In the 1990–91 season, Tomislav played in the Herzegovina Zone – South, where it took first place and entered the Republican Regional League – South. In 1991, Tomislav was successful in the Coup of Yugoslavia, entering the round of 16 where it was defeated by RAD from Belgrade with a result of 0–4.

Tomislav played three matches in the Republican Regional League – South and, for political reasons, refused to continue competing after that, namely to protest the war in Croatia. After Tomislav left the League, other Croatian clubs did so as well.

During the Bosnian War, all players of the Tomislav participated either as soldiers or in working units. Tomislav continued to exist despite the war. In August 1992 it played a tournament against the units of the Croatian Defence Council (HVO). Tomislav also played against a UNPROFOR team and won 11–0. Other friendly games against other football clubs were played as well.

From 1993 to 2000, Tomislav competed in the First League of Herzeg-Bosnia. The First League of Herzeg-Bosnia was the first league formed during the war and the only league in existence after the war. Football Federation of Herzeg-Bosnia as well as the Herzeg-Bosnia national football team also existed. The Serb and Bosniak football clubs play in their own respective leagues. Each national league had its own football federation and national team.

In the 1993–94 season, Tomislav was a runner-up, while Široki Brijeg won the championship of the Herzegovina group of the First League. Both clubs had the same number of points and the same goal difference, but Široki Brijeg had a better record in matches between the two clubs. Thus, Široki Brijeg gained the right to play off with the champions from the Posavina and Central Bosnia groups, eventually defeating them and becoming the champion of Herzeg-Bosnia.
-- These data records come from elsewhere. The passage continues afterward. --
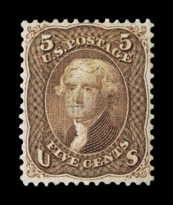 54 og 95 image#95, 5c Brown, "F" grill, exceptionally well centered mint example, with especially deep and luxuriant color, plus its impression is much stronger than usual, large part o.g. that has a bit of toning, very fine; a handsome stamp that is quite scarce this attractive; 2006 PF certificate. (Image) $3,750.00
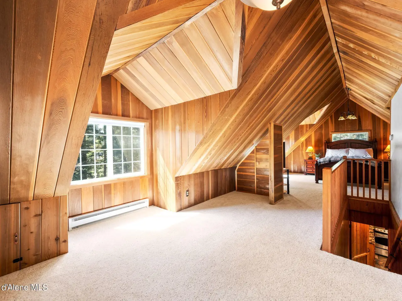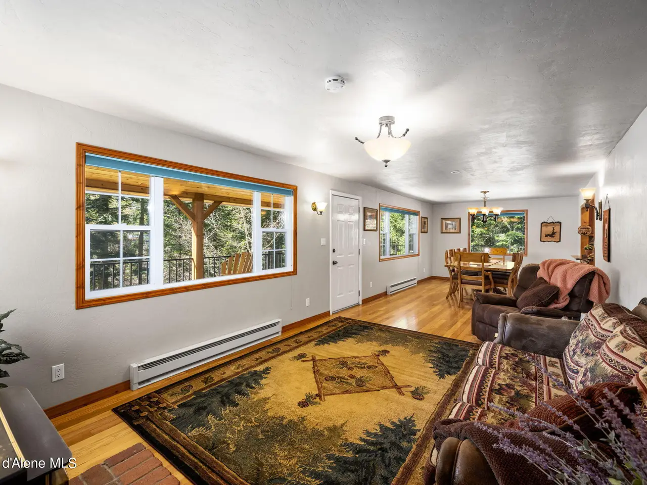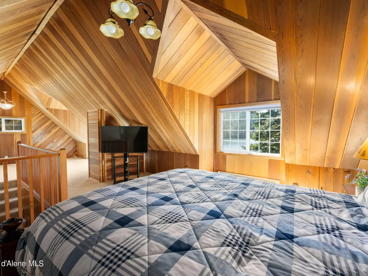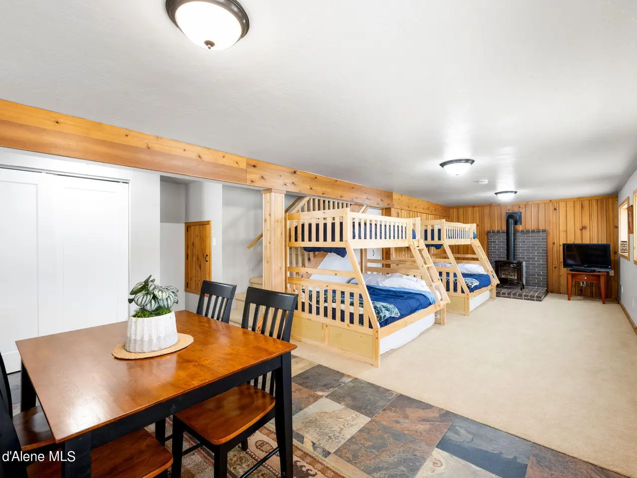 Nestled on Hayden Lake's coveted Mokins Bay, this waterfront retreat offers tranquility and recreation. Walk down to the covered dock and enjoy boating, kayaking, canoeing or fishing in the deep scenic bay that features a no wake zone. With 172 feet of waterfrontage and a sandy beach, the property spans 1.17 acres, comprising two lots, with a year-round creek running between the lots. The terraced landscaping has been thoughtfully designed to blend with the natural surroundings, creating a serene and inviting atmosphere. Originally built as a cozy lake cabin, this home has undergone a complete transformation to offer modern comforts and conveniences while retaining its rustic charm. Step inside to discover a beautifully remodeled interior, featuring updated kitchen and bathrooms, new flooring, and fresh paint throughout. With ample natural light, the home offers a warm and inviting ambiance, perfect for gatherings. Updated plumbing ensures worry-free living, allowing you to fully embrace the lakefront lifestyle. Whether you're seeking a private retreat for your family or an investment opportunity in the vacation rental market, this property offers endless possibilities. Previously, it operated as a successful vacation rental, the home comfortably accommodates 10+ guests. The detached garage provides convenient storage for all your lake toys and equipment, ensuring that you have everything you need to make the most of your time on the water. With its unbeatable combination of natural beauty, recreational amenities, and modern comforts, this Hayden Lake waterfront retreat offers a truly unparalleled living experience.
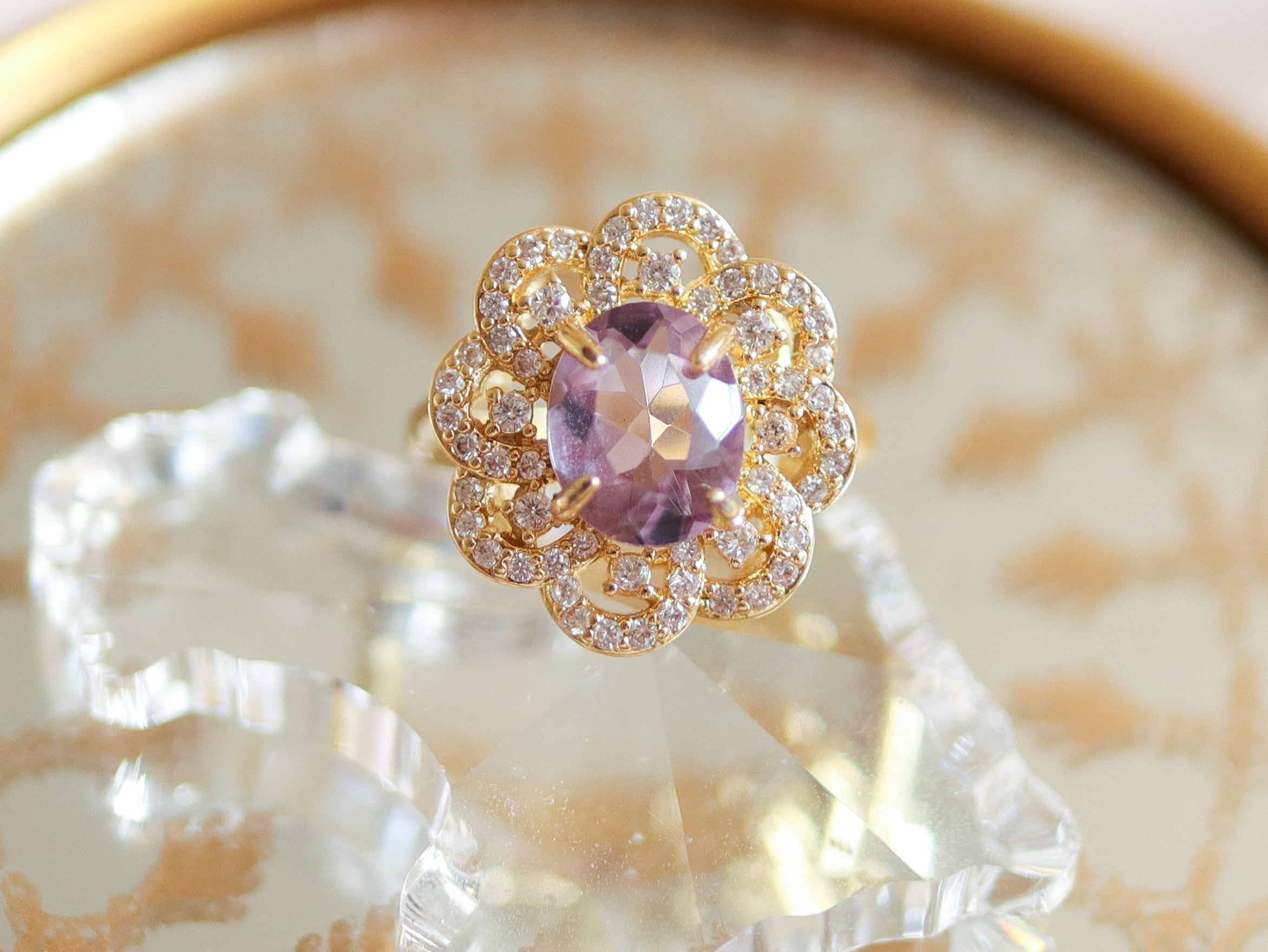 宝石質のアメジストをジルコニアのリング台に合わせました。
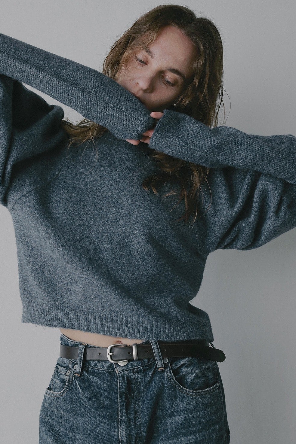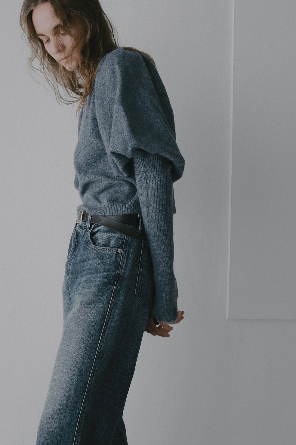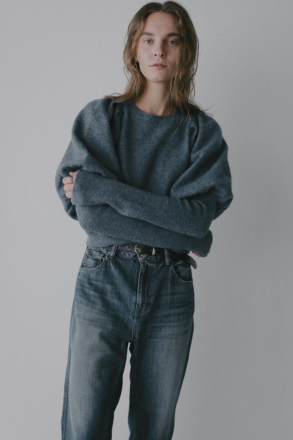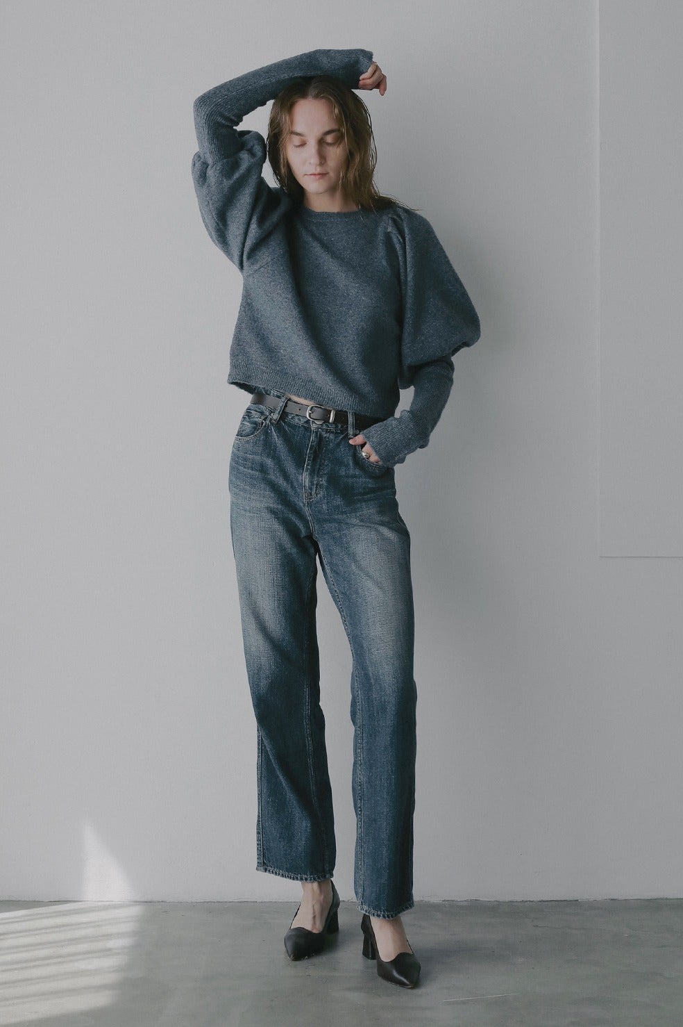 肘上までのパフスリーブが特徴的なニットプルオーバー。
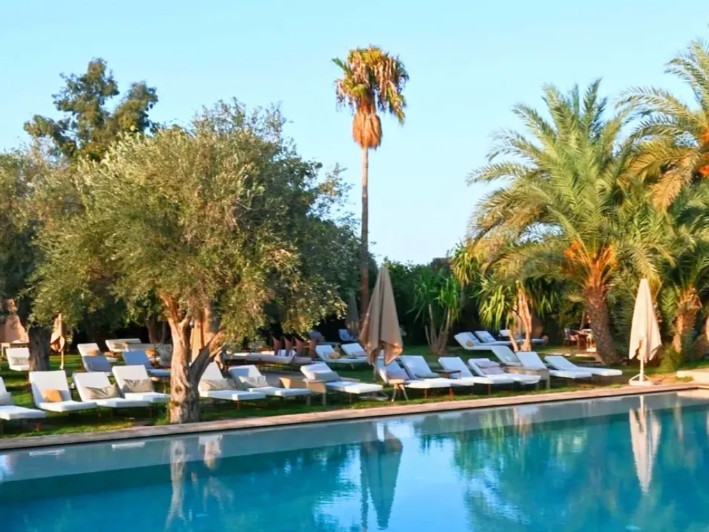 A pochi minuti dal centro di Marrakech, lungo la strada di Amizmiz, Villa Nour è un boutique hotel intimo pensato per vivere una giornata piscina elegante e rilassante. Circondata da giardini, palme e spazi verdi, la proprietà combina sole, comfort e uno stile marocchino contemporaneo. Con due piscine, di cui una riscaldata secondo la stagione, lettini confortevoli, ristorante e bar, Villa Nour offre un ambiente luminoso e tranquillo per una pausa adulta sotto il sole.
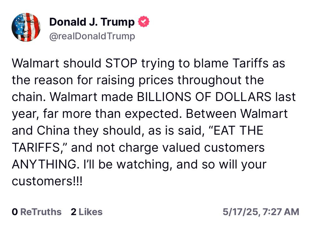 Trump thinks a TS post is going to intimidate Walmart? He should have issued an executive order.

In the 1994–95 season, Tomislav finished 4th. In the 1995–96 season, 80% of players were recruited, yet Tomislav performed well. In the 1996–97 season, Tomislav was demoted to the Second League of Herzeg-Bosnia. From 1997 to 2001, Tomislav competed in the Second League of Herzeg-Bosnia – Centre 2.

===Federation of Bosnia and Herzegovina (2001–present)===
The First League of the Federation of Bosnia and Herzegovina is one of the second-tier football leagues in Bosnia and Herzegovina, comprising football clubs from the Federation of Bosnia and Herzegovina, one of the two political entities of Bosnia and Herzegovina. The second league is the First League of the Republika Srpska, the football league that gathers clubs from Republika Srpska, the other political entity. Both leagues were formed in 2000. On the same principle, the third leagues were also formed, namely the Second League of the Federation of Bosnia and Herzegovina and the Second League of the Republika Srpska. These leagues are further divided into several groups. The Second League of the Federation of Bosnia and Herzegovina was divided into the groups North, Centre, South, and West, with HNK Tomislav competing in the group Centre.

In the 2000–01 season, HNK Tomislav won the championship in the Centre group, followed by the Drinovci football club from Drinovci. Tomislav played the qualifying game from the North group champion Mladost from Domaljevac and won with an aggregate score of 7–1, thus qualifying for the First League of the Federation of Bosnia and Herzegovina.

In the 2001–02 season of the First League of the Federation of Bosnia and Herzegovina, Tomislav ended up 8th. The next season, Tomislav ended up 14th, and was again demoted to the Second League of the Federation of Bosnia and Herzegovina Centre, where it competes today.